▸ **TASK OBJECTIVE**:
What is needed is the exact text of each line in the listing below from the one with "賽后,快船官方曬出了贏球海報(bào),封面給到了哈登。" up to and including the one with "Our Mermaid Cowgirl", and no pictures.

▸ **PROVIDED RECORDS**:
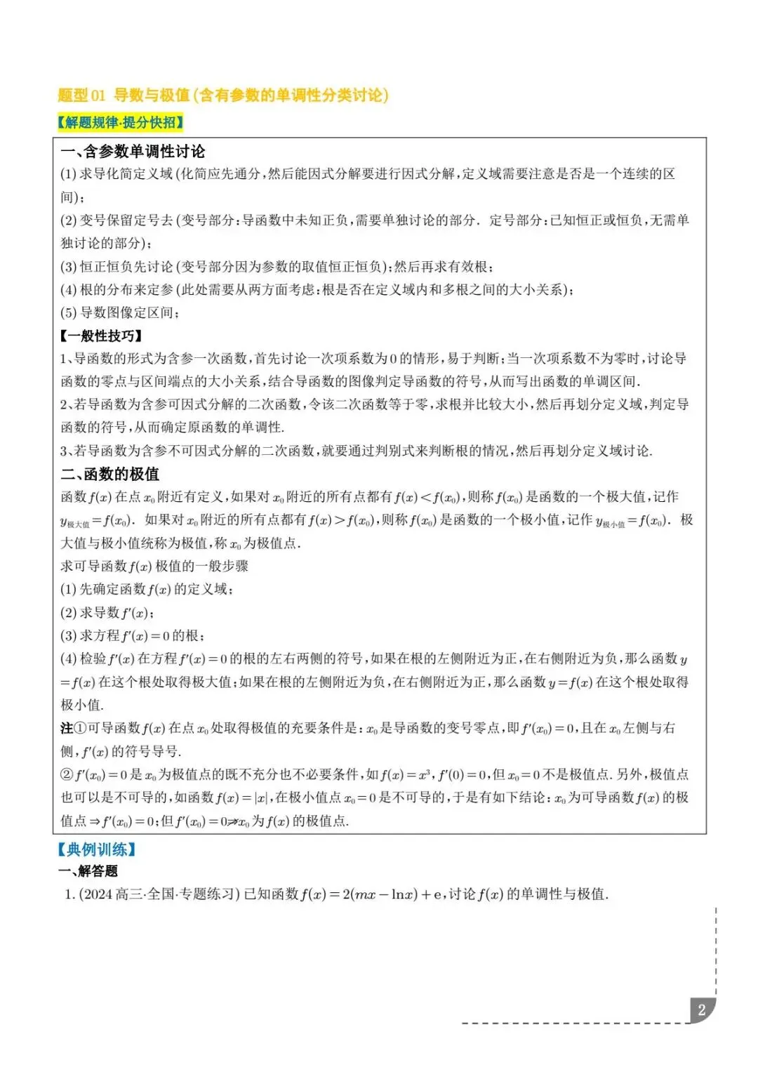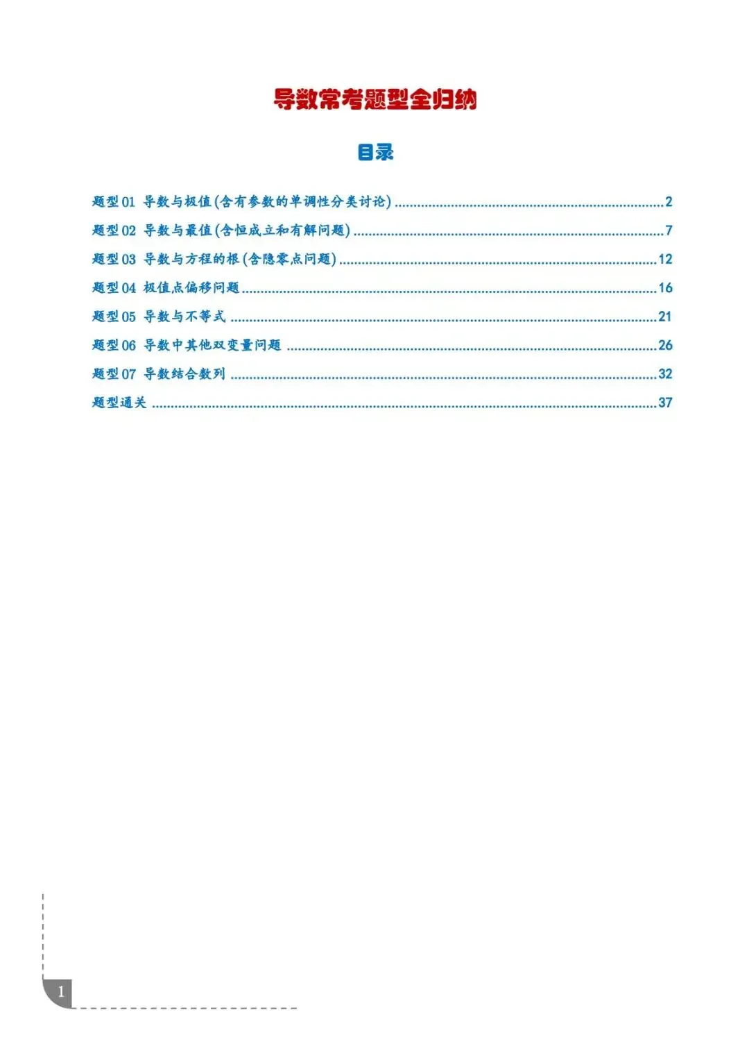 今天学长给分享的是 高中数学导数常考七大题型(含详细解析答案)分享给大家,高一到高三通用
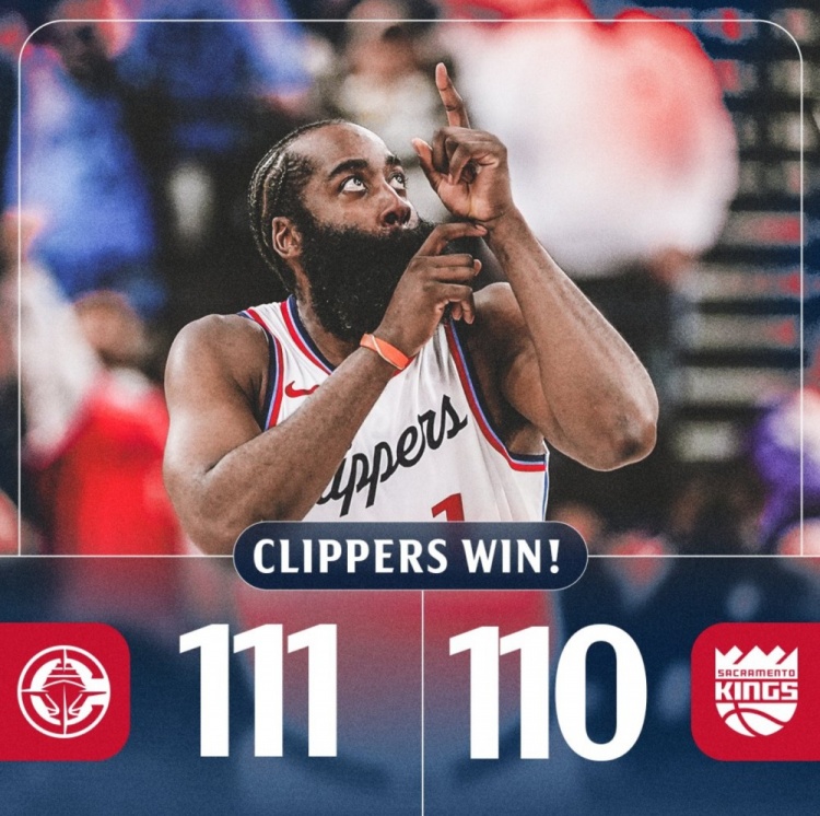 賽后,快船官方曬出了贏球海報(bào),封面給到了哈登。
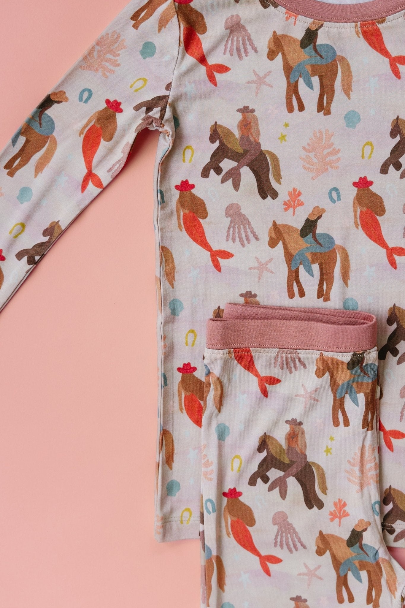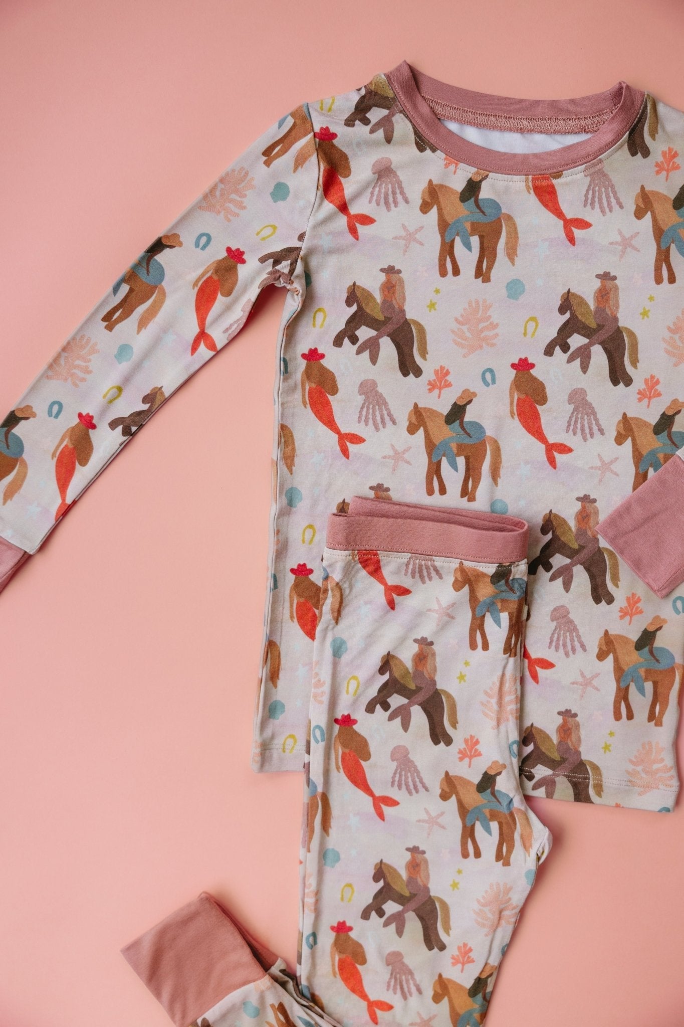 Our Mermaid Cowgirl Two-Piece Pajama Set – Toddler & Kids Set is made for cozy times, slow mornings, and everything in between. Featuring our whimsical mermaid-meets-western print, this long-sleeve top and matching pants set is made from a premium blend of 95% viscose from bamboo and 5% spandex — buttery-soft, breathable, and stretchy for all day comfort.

* * *

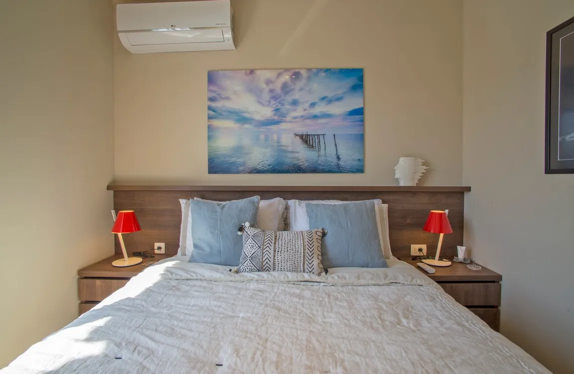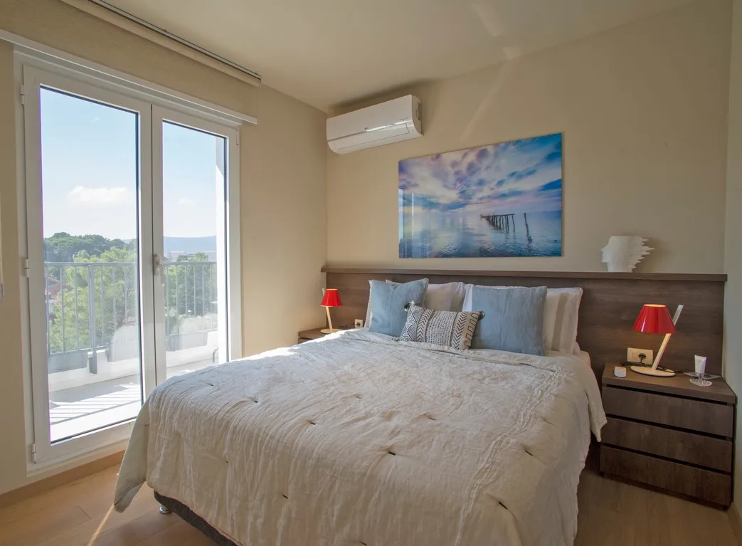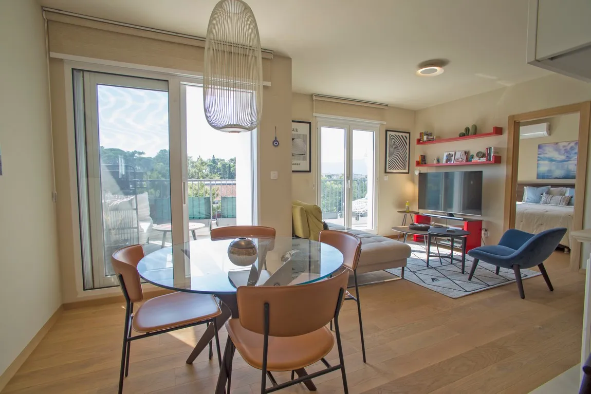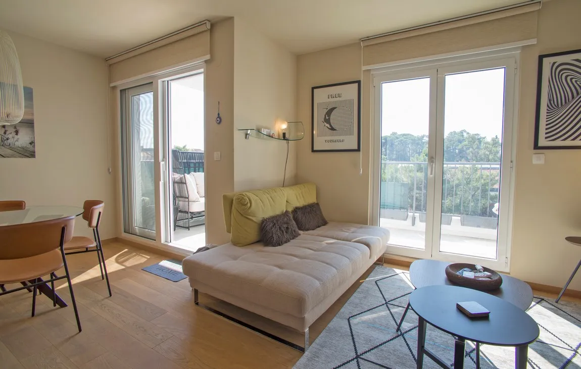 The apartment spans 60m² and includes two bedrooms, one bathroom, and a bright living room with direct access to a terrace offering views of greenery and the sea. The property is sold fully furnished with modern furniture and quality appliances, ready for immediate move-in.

---

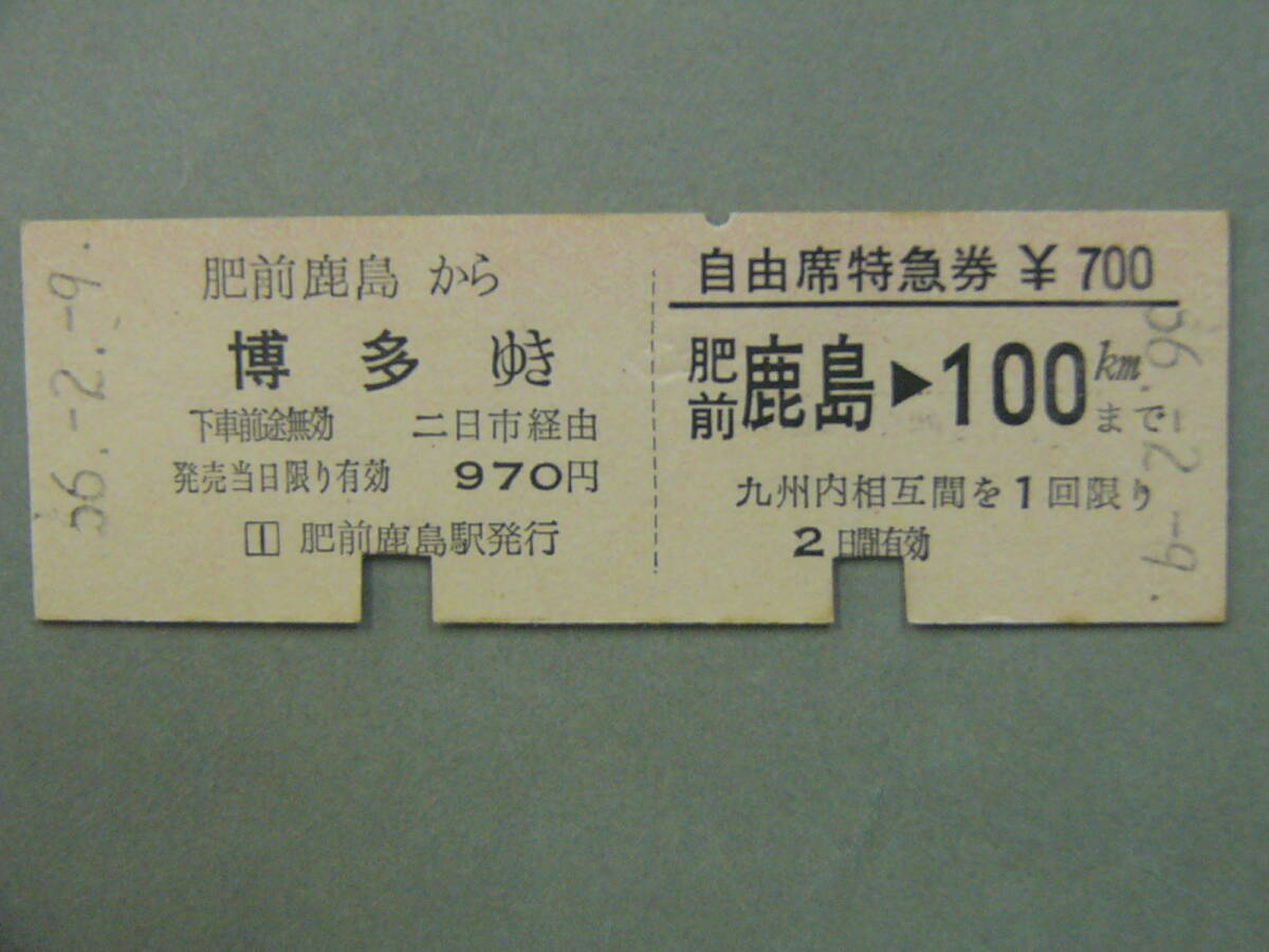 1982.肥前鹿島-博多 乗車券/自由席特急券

▸ **SOLUTION TO THIS TASK**:
 賽后,快船官方曬出了贏球海報(bào),封面給到了哈登。
 Our Mermaid Cowgirl Two-Piece Pajama Set – Toddler & Kids Set is made for cozy times, slow mornings, and everything in between. Featuring our whimsical mermaid-meets-western print, this long-sleeve top and matching pants set is made from a premium blend of 95% viscose from bamboo and 5% spandex — buttery-soft, breathable, and stretchy for all day comfort.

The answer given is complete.